Beginning at the line containing "Naklejka na ściany", repeat each line below exactly up to and including the line containing "曲谱介绍: 《20岁的某一天》尤克里里弹唱谱". Do not repeat the pictures.

═════ Dataset excerpts

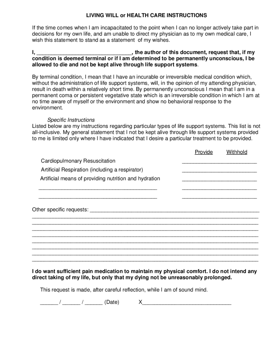 The Form is similar to Do Not Resuscitate (DNR) papers, but a lot more basic since it explains greater than consent for healthcare providers to carry out life-saving treatments like MOUTH-TO-MOUTH RESUSCITATION. The Living Will Form Canada is entirely various from the last will as well as testament document that discusses how you want your riches as well as building to be distributed when you died due to the fact that a living will clarify your desires relating to treatment while you’re still living.
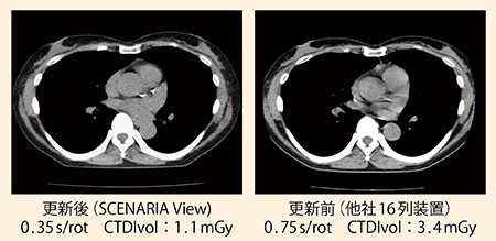 SCENARIA View撮影条件(左):120kVp,0.35s/rot,BP1.08,CTDIvol:1.1mGy 更新前の装置と比較し,1/3以下の低線量条件でも良好な画質が得られている。0.35s/rotでの撮影により,心臓のモーションアーチファクトも低減している。
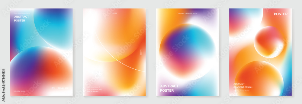 Naklejka na ściany i meble - Abstract gradient poster background vector set. Minimalist style cover template with vibrant perspective 3d geometric prism shapes collection. Ideal design for social media, cover, banner, flyer..
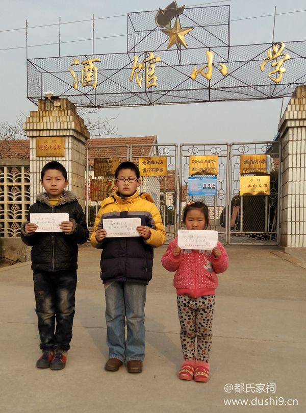 浙江省海宁市都林松宗亲得知山东牟平都氏祖居地都家子弟贫困生情况后,确定帮扶酒馆小学和酒馆幼儿园的都业祥、都茂林、都萍萍等3名都家子弟的贫困生完成学业。
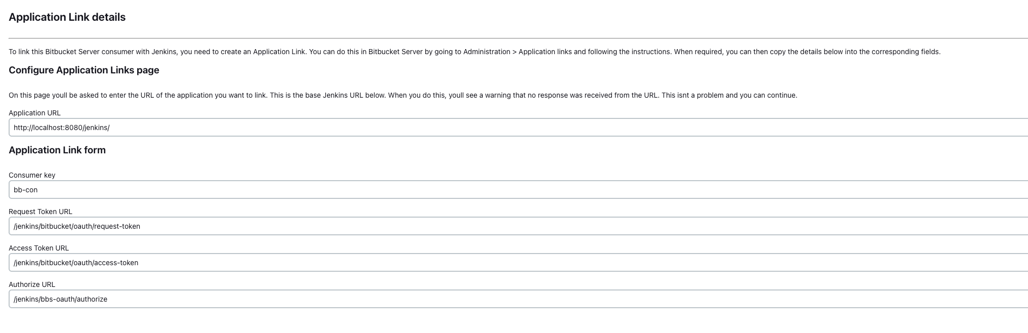 The error persists after recreating the application link on Bitbucket and the OAuth consumer configuration on Jenkins.
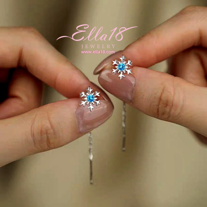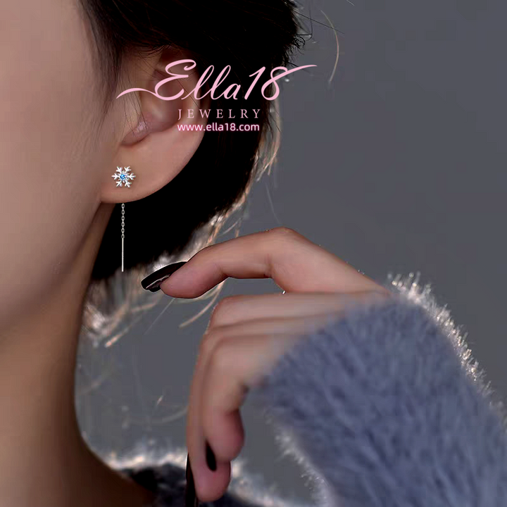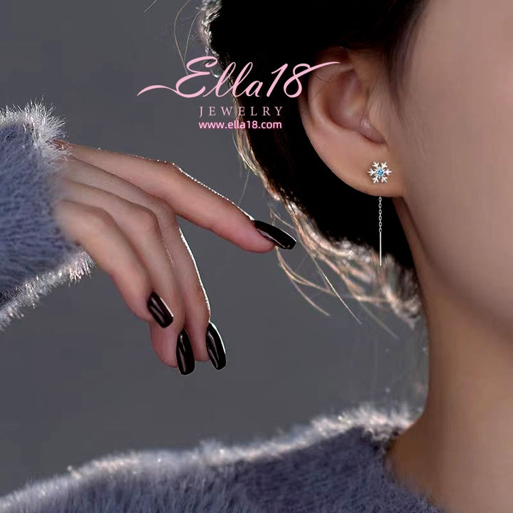 Sterling Silver Christmas Snowflake Threader Earrings
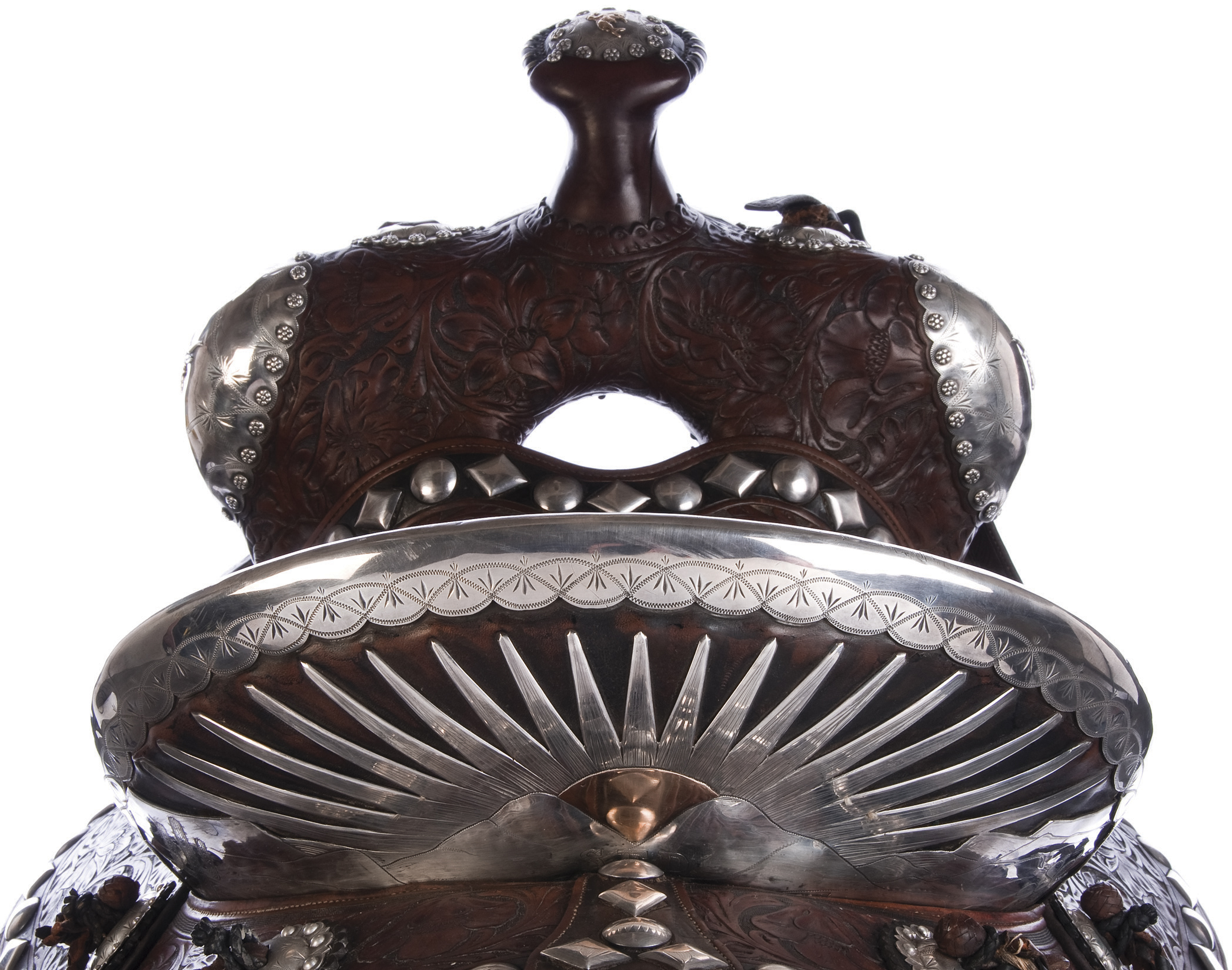 This saddle is made from premium full-grain leather and beautifully adorned with hand-engraved silver plates for an elegant, regal look. Beyond its beauty, it offers exceptional balance, deep seating, and superior comfort for hours of smooth riding.
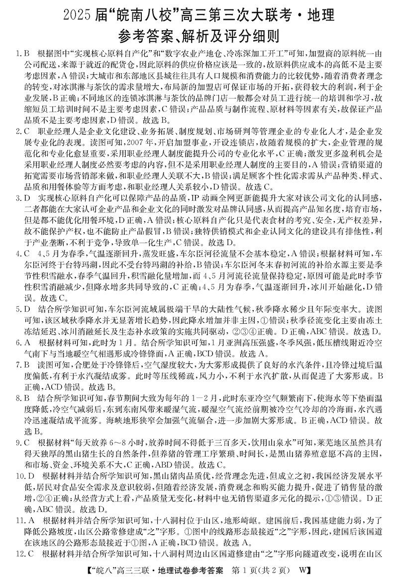 安徽皖南八校2025届高三第三次大联考地理考试已于近日开考,为方便考生考后及时查看考试情况,查漏补缺、弥补不足,本文整理了试题答案解析相关信息!
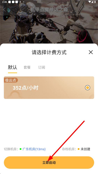 3、選擇計費方式界面,有默認、套餐、訂閱三種選擇,默認計費方式為352極云點每小時,選擇后點擊立即啟動即可開始游戲。
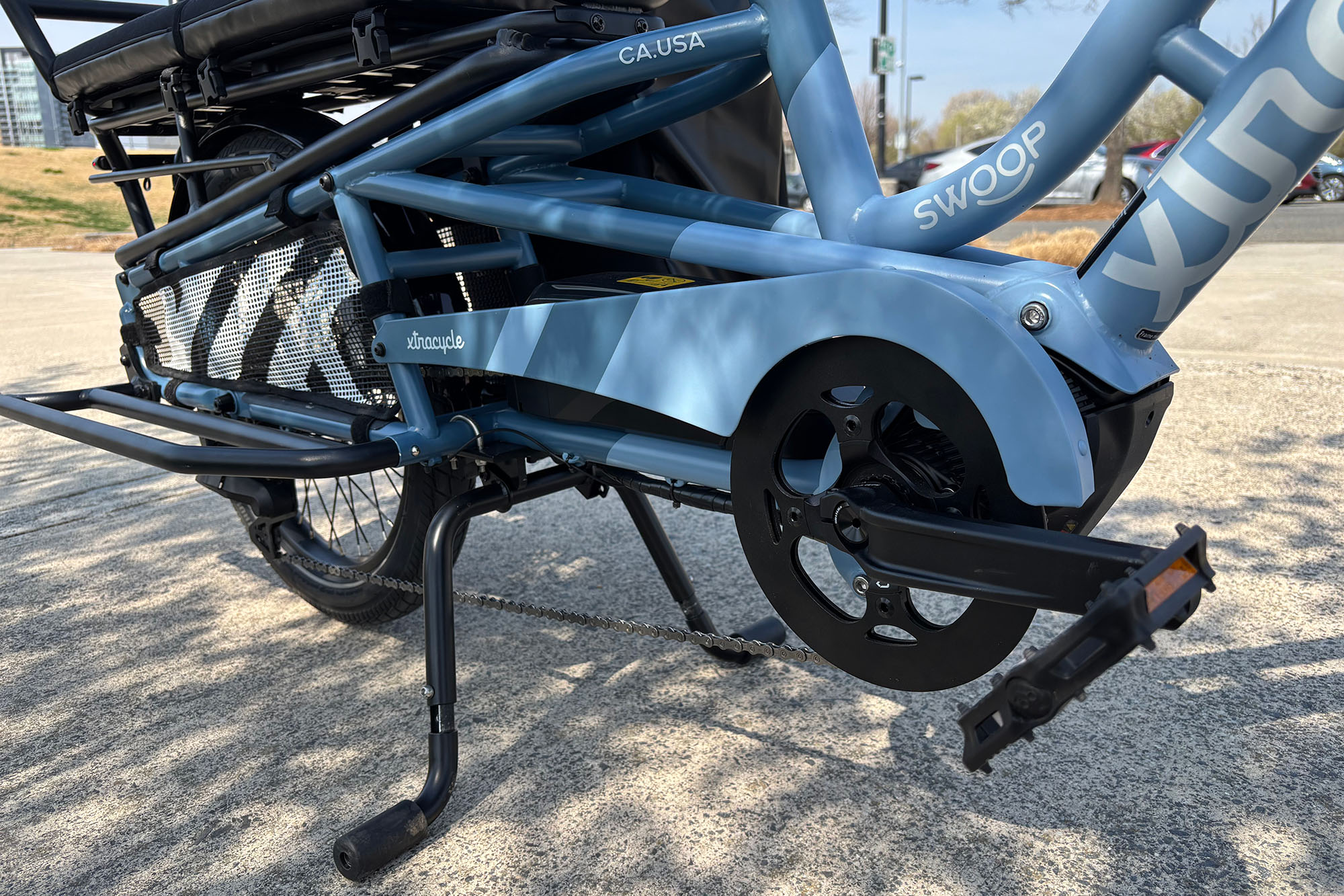 It’s also a better value than it first appears. The included accessories—especially the front rack, which quickly became a favorite—along with footrests and wheel guards to keep little feet out of spokes, cover a lot of what families typically end up buying anyway. Outfitting another cargo bike like this can easily add a few hundred dollars, so it’s nice not to start from zero. Like most cargo bikes, the Xtracycle Swoop ASM is big with a 54-inch wheelbase. It can fit through a standard doorway, but tight turns and small indoor spaces are a challenge, and locking it up at crowded bike racks can be awkward. It’s best suited for someone with a garage or generous storage space. Apartment living isn’t impossible, but it’s more challenging than a typical commuter or folding ebike, so ground-floor access or a roomy elevator will make a big difference.
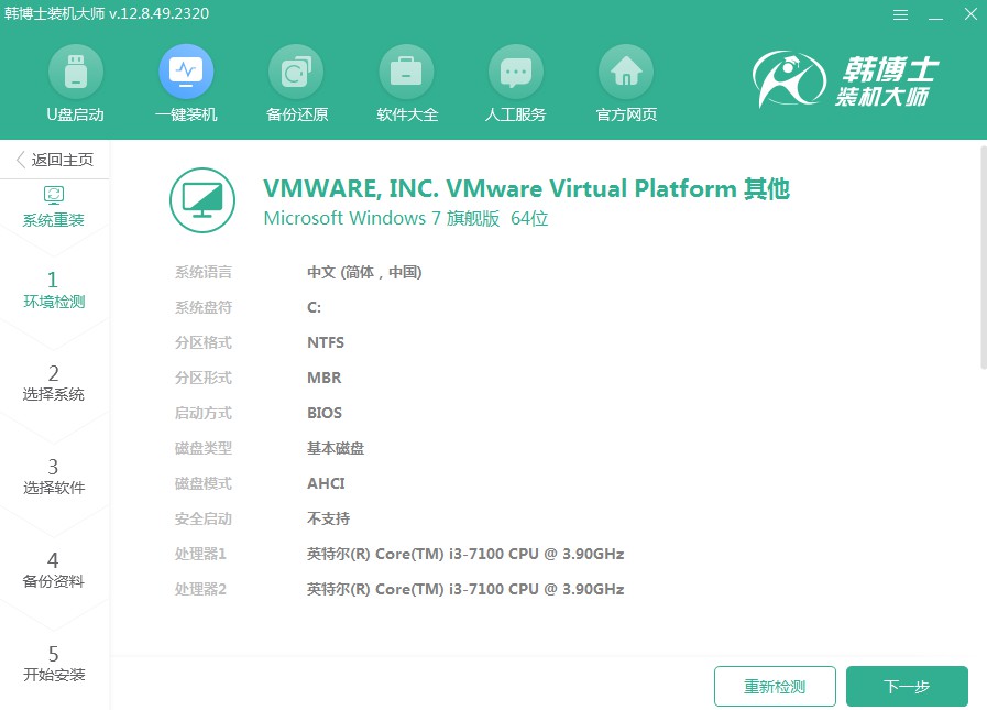 第二步,系統正在進行環境檢查,您可以放心等待。檢測完成后,點擊“下一步”繼續操作即可。
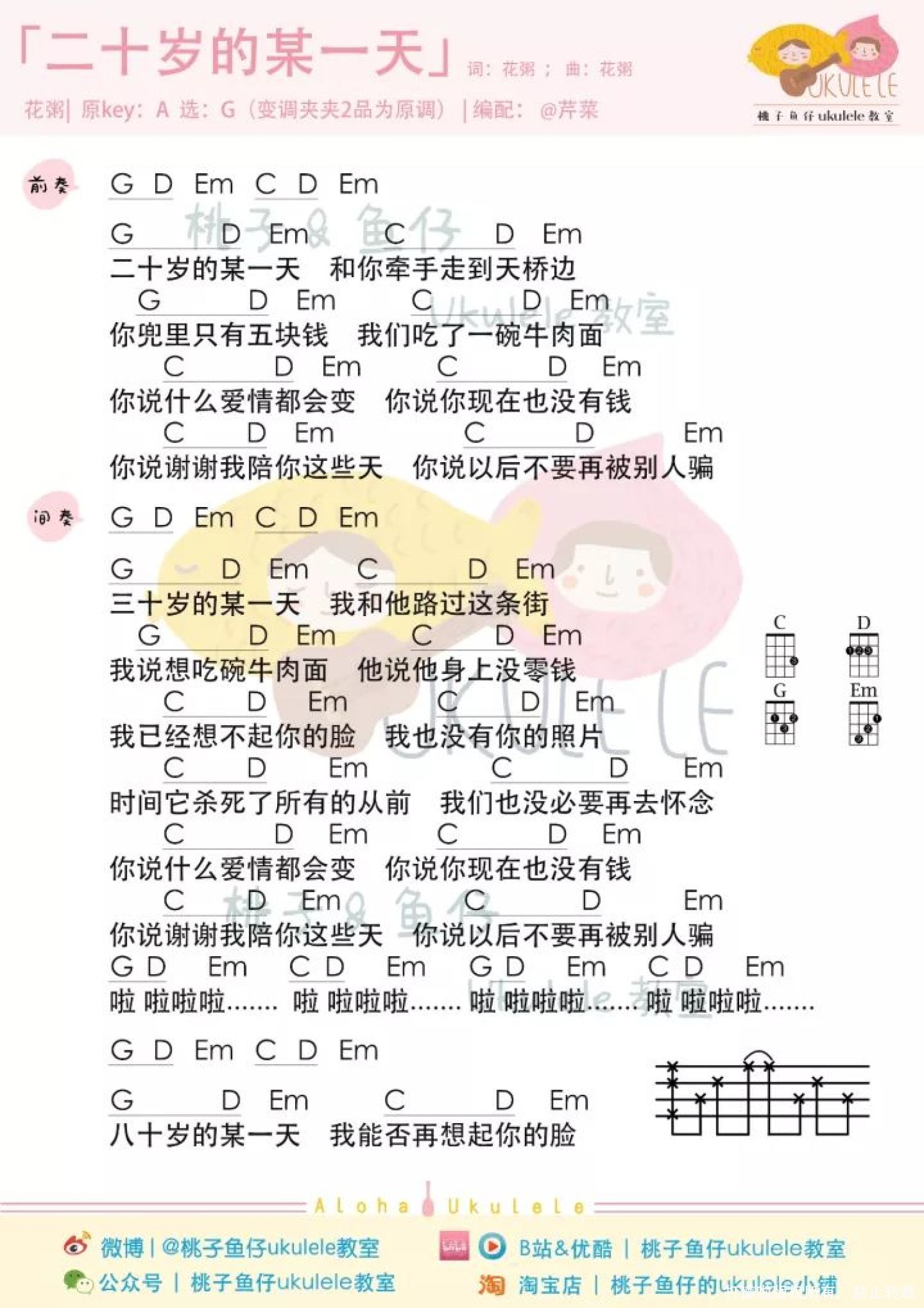 曲谱介绍: 《20岁的某一天》尤克里里弹唱谱
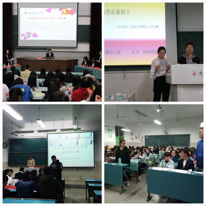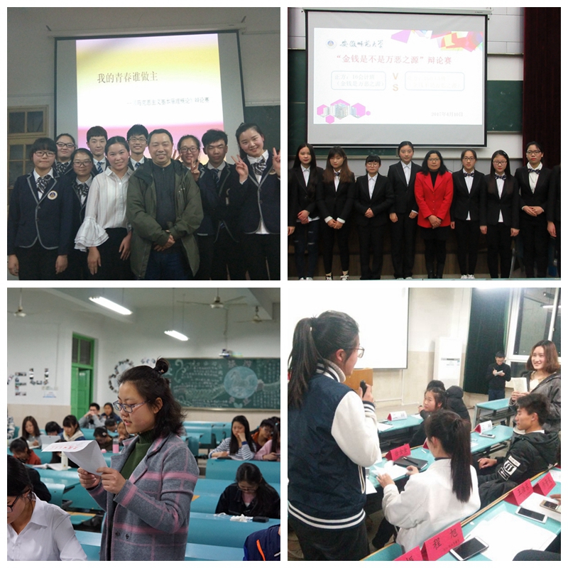 4月10日晚上汪盛玉老师指导16级会计学专业和16级会计ACCA班开展了主题为“金钱是否是万恶之源”的辩论赛活动。4月10日晚上和4月16日晚上,郭应传老师分别指导16级社会工作和16级社会学专业以“读书精好还是读书多好”为主题、16级公共管理专业以“政府对于网络舆论管理应严格还是放松”主题、酒店管理和土地资源管理专业以“对于老员工来说,专业知识和社会经验哪个更重要”为主题开展了别开生面的辩论赛。4月11号晚上刘宏老师指导16级体育教育专业就“老员工创业的利与弊”为题成功举行了辩论赛。4月13日晚上彭启福老师组织16级通信工程和应用化学两个班级员工成功举办了“我的青春谁做主”主题辩论赛。4月13日晚上李新老师指导16级旅游管理专业以“旅游发展的利与弊”、“出游方式是选择跟团游还是自助游”为主题举办了两场精彩辩论赛。4月16日晚上陈旭东老师指导16级法学2班以“网络舆论对司法公正的积极作用大于消极作用还是消极作用大于积极作用”为题开展了辩论赛活动。

══════════

* [Answer to this exercise]:
 Naklejka na ściany i meble - Abstract gradient poster background vector set. Minimalist style cover template with vibrant perspective 3d geometric prism shapes collection. Ideal design for social media, cover, banner, flyer..
 浙江省海宁市都林松宗亲得知山东牟平都氏祖居地都家子弟贫困生情况后,确定帮扶酒馆小学和酒馆幼儿园的都业祥、都茂林、都萍萍等3名都家子弟的贫困生完成学业。
 The error persists after recreating the application link on Bitbucket and the OAuth consumer configuration on Jenkins.
 Sterling Silver Christmas Snowflake Threader Earrings
 This saddle is made from premium full-grain leather and beautifully adorned with hand-engraved silver plates for an elegant, regal look. Beyond its beauty, it offers exceptional balance, deep seating, and superior comfort for hours of smooth riding.
 安徽皖南八校2025届高三第三次大联考地理考试已于近日开考,为方便考生考后及时查看考试情况,查漏补缺、弥补不足,本文整理了试题答案解析相关信息!
 3、選擇計費方式界面,有默認、套餐、訂閱三種選擇,默認計費方式為352極云點每小時,選擇后點擊立即啟動即可開始游戲。
 It’s also a better value than it first appears. The included accessories—especially the front rack, which quickly became a favorite—along with footrests and wheel guards to keep little feet out of spokes, cover a lot of what families typically end up buying anyway. Outfitting another cargo bike like this can easily add a few hundred dollars, so it’s nice not to start from zero. Like most cargo bikes, the Xtracycle Swoop ASM is big with a 54-inch wheelbase. It can fit through a standard doorway, but tight turns and small indoor spaces are a challenge, and locking it up at crowded bike racks can be awkward. It’s best suited for someone with a garage or generous storage space. Apartment living isn’t impossible, but it’s more challenging than a typical commuter or folding ebike, so ground-floor access or a roomy elevator will make a big difference.
 第二步,系統正在進行環境檢查,您可以放心等待。檢測完成后,點擊“下一步”繼續操作即可。
 曲谱介绍: 《20岁的某一天》尤克里里弹唱谱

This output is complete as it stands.